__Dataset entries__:
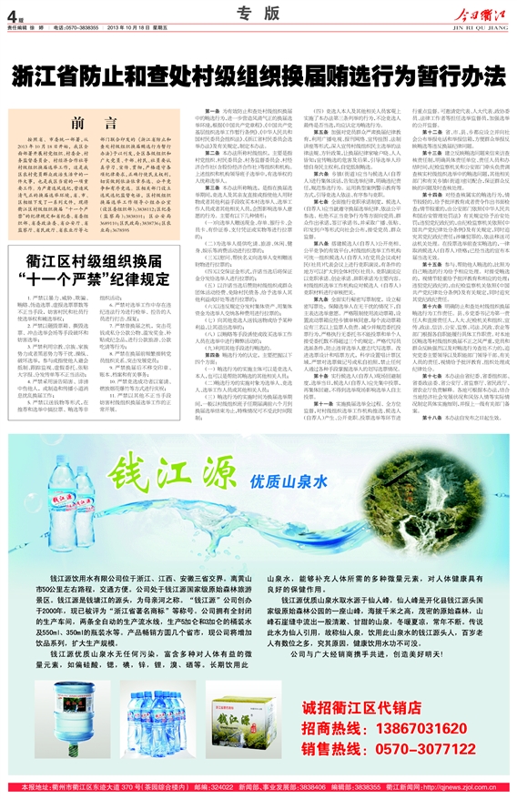 按照省、市委统一部署,从2013年10月18日开始,我区全面部署开展村党组织、村委会、村务监督委员会、村经济合作社等村级组织换届选举工作,这是我区农村党员群众政治生活中的一件大事,也是我区当前的一项重要工作。为严肃选风选纪,营造风清气正的换届选举环境,省、市、区相继下发了一系列文件,现将衢江区村级组织换届“十一个严禁”的纪律规定和省纪委、省委组织部、省委政法委、省公安厅、省监察厅、省民政厅、省农业厅等七部门联合印发的《浙江省防止和查处村级组织换届贿选行为暂行办法》予以刊发,全区各级组织和广大党员、干部、村民、社员要认真学习、宣传、贯彻,严格遵守各项纪律要求,正确行使民主权利,切实做到依法依章参选、公平竞争和有序竞选。区相关部门设立选风选纪监督电话,区村级组织换届选举工作领导小组办公室(设区委组织部):3838112;区纪委(监察局):3838101; 区公安局3689110;区民政局:3838736;区农业局:3678595
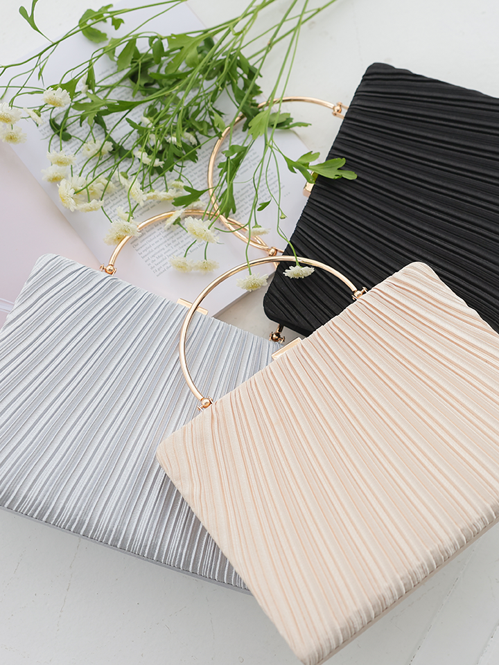 上品なプリーツデザインが目を引く、クラシカルな雰囲気漂うパーティーバッグ。
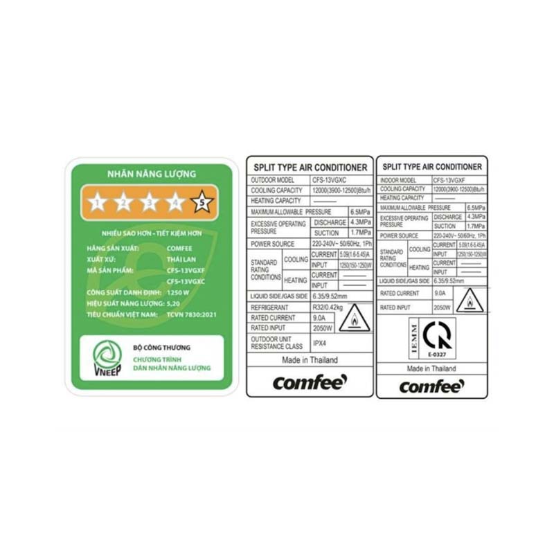 Máy lạnh Comfee CFS-13VGX sở hữu công suất làm lạnh 12.000 Btu (1.5 Hp), phù hợp với các không gian có diện tích dưới 20m² như:
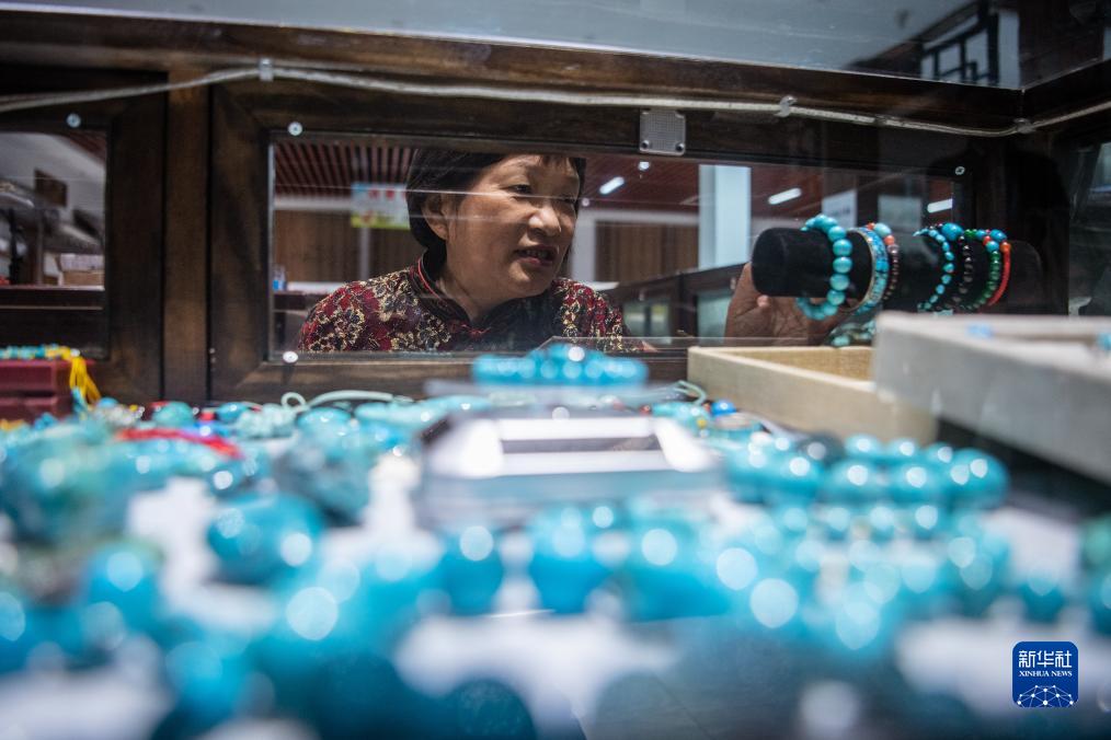 10月11日,湖北省鄖西縣下?tīng)I村村民郭明鳳在介紹自己展銷(xiāo)柜臺內的綠松石制品。
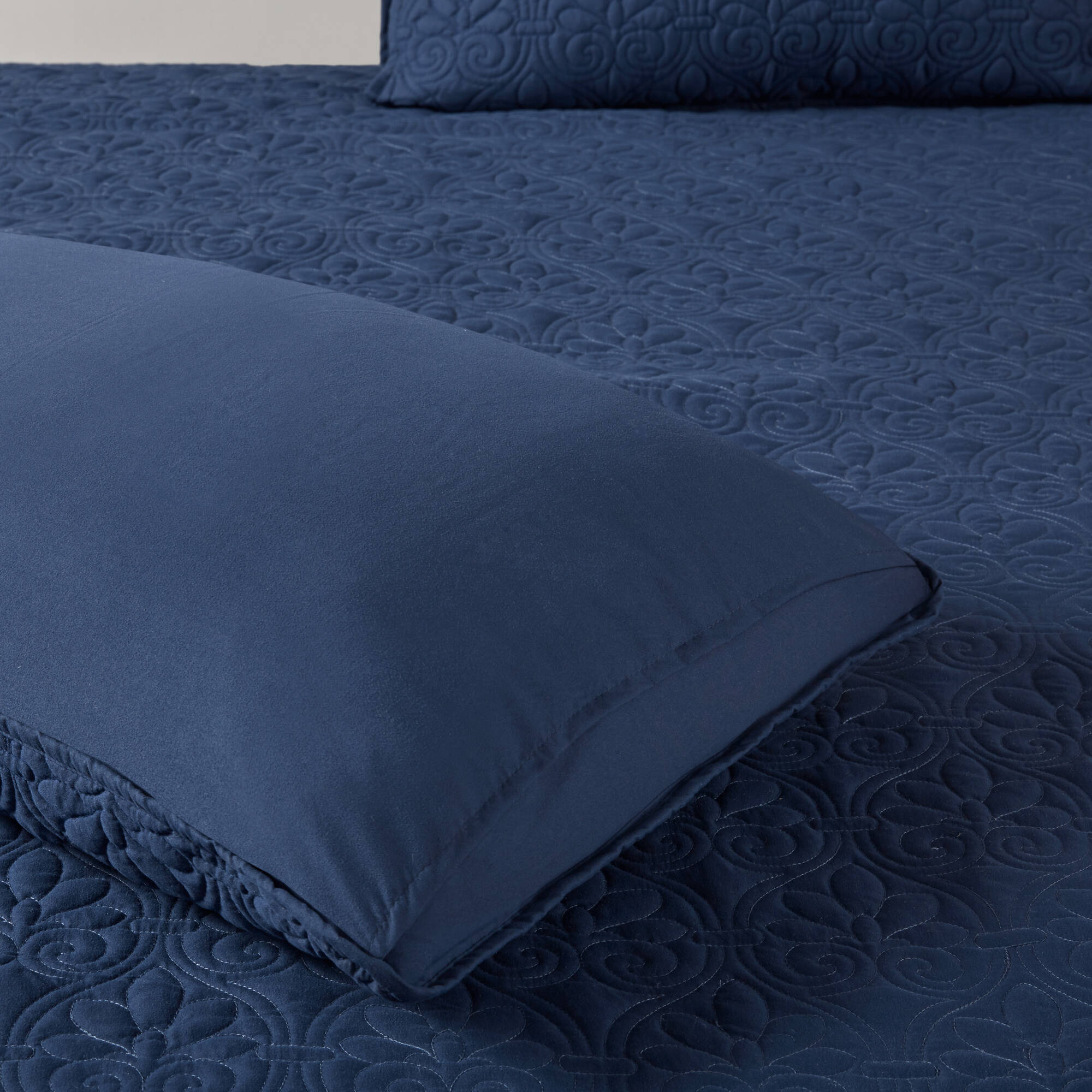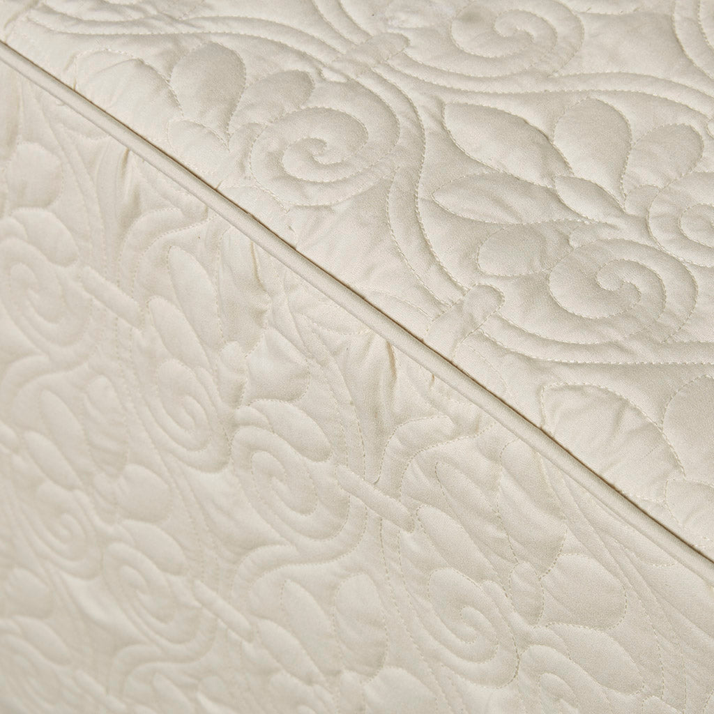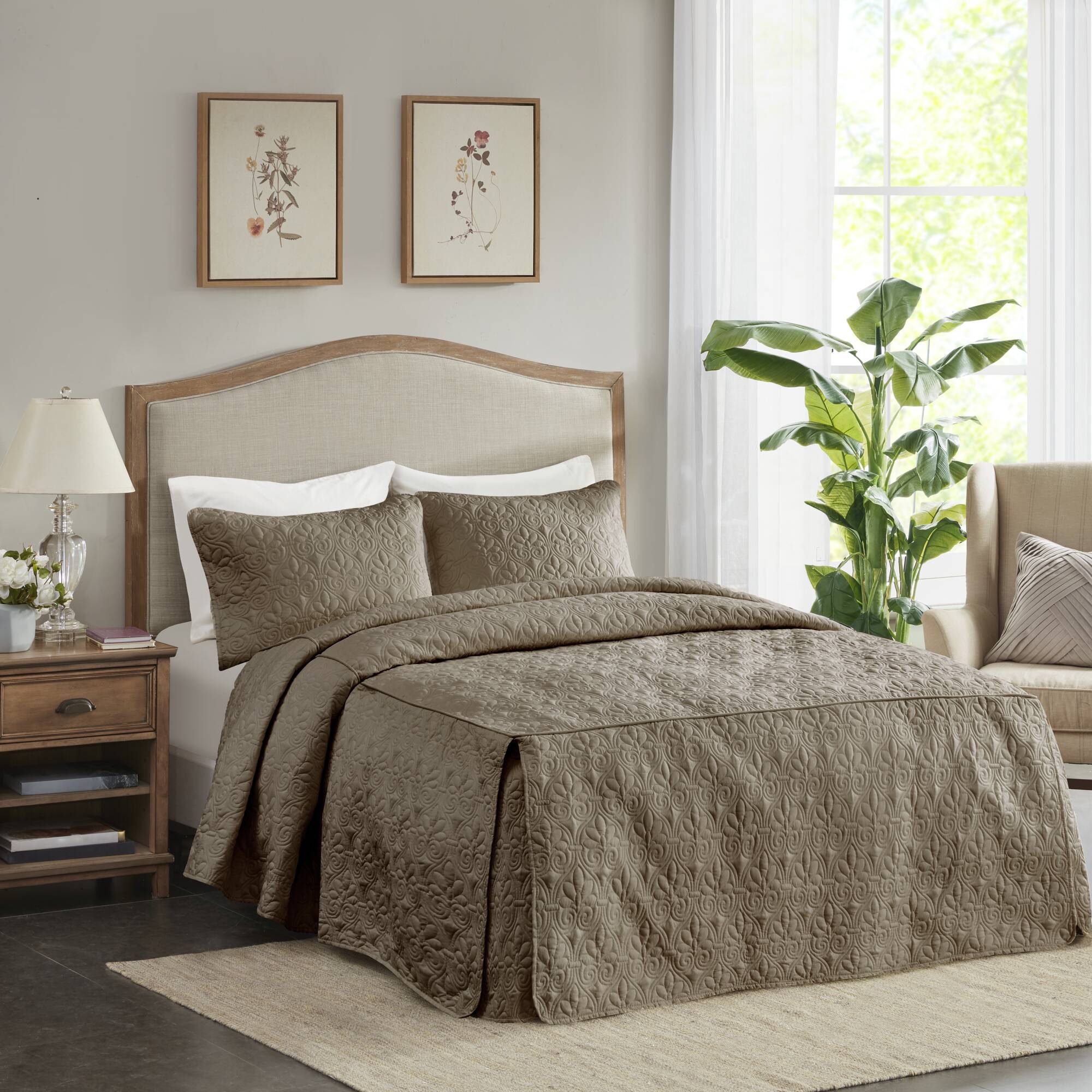 Refresh your bedroom with the Madison Park Quebec 3-piece quilted bedspread set — a cottage-inspired ensemble that blends classic tailoring with modern performance. Designed to add texture and a tailored silhouette, this set features split-corner pleats and box-quilt stitching for a refined, layered look that stays neat night after night. Antimicrobial protection and secure quilting make it a practical choice for everyday use.

__PROBLEM STATEMENT__:
Although the entries contain pictures, reproduce only the rest, exactly as written.

__RESULT OF THIS EXERCISE__:
 按照省、市委统一部署,从2013年10月18日开始,我区全面部署开展村党组织、村委会、村务监督委员会、村经济合作社等村级组织换届选举工作,这是我区农村党员群众政治生活中的一件大事,也是我区当前的一项重要工作。为严肃选风选纪,营造风清气正的换届选举环境,省、市、区相继下发了一系列文件,现将衢江区村级组织换届“十一个严禁”的纪律规定和省纪委、省委组织部、省委政法委、省公安厅、省监察厅、省民政厅、省农业厅等七部门联合印发的《浙江省防止和查处村级组织换届贿选行为暂行办法》予以刊发,全区各级组织和广大党员、干部、村民、社员要认真学习、宣传、贯彻,严格遵守各项纪律要求,正确行使民主权利,切实做到依法依章参选、公平竞争和有序竞选。区相关部门设立选风选纪监督电话,区村级组织换届选举工作领导小组办公室(设区委组织部):3838112;区纪委(监察局):3838101; 区公安局3689110;区民政局:3838736;区农业局:3678595
 上品なプリーツデザインが目を引く、クラシカルな雰囲気漂うパーティーバッグ。
 Máy lạnh Comfee CFS-13VGX sở hữu công suất làm lạnh 12.000 Btu (1.5 Hp), phù hợp với các không gian có diện tích dưới 20m² như:
 10月11日,湖北省鄖西縣下?tīng)I村村民郭明鳳在介紹自己展銷(xiāo)柜臺內的綠松石制品。
 Refresh your bedroom with the Madison Park Quebec 3-piece quilted bedspread set — a cottage-inspired ensemble that blends classic tailoring with modern performance. Designed to add texture and a tailored silhouette, this set features split-corner pleats and box-quilt stitching for a refined, layered look that stays neat night after night. Antimicrobial protection and secure quilting make it a practical choice for everyday use.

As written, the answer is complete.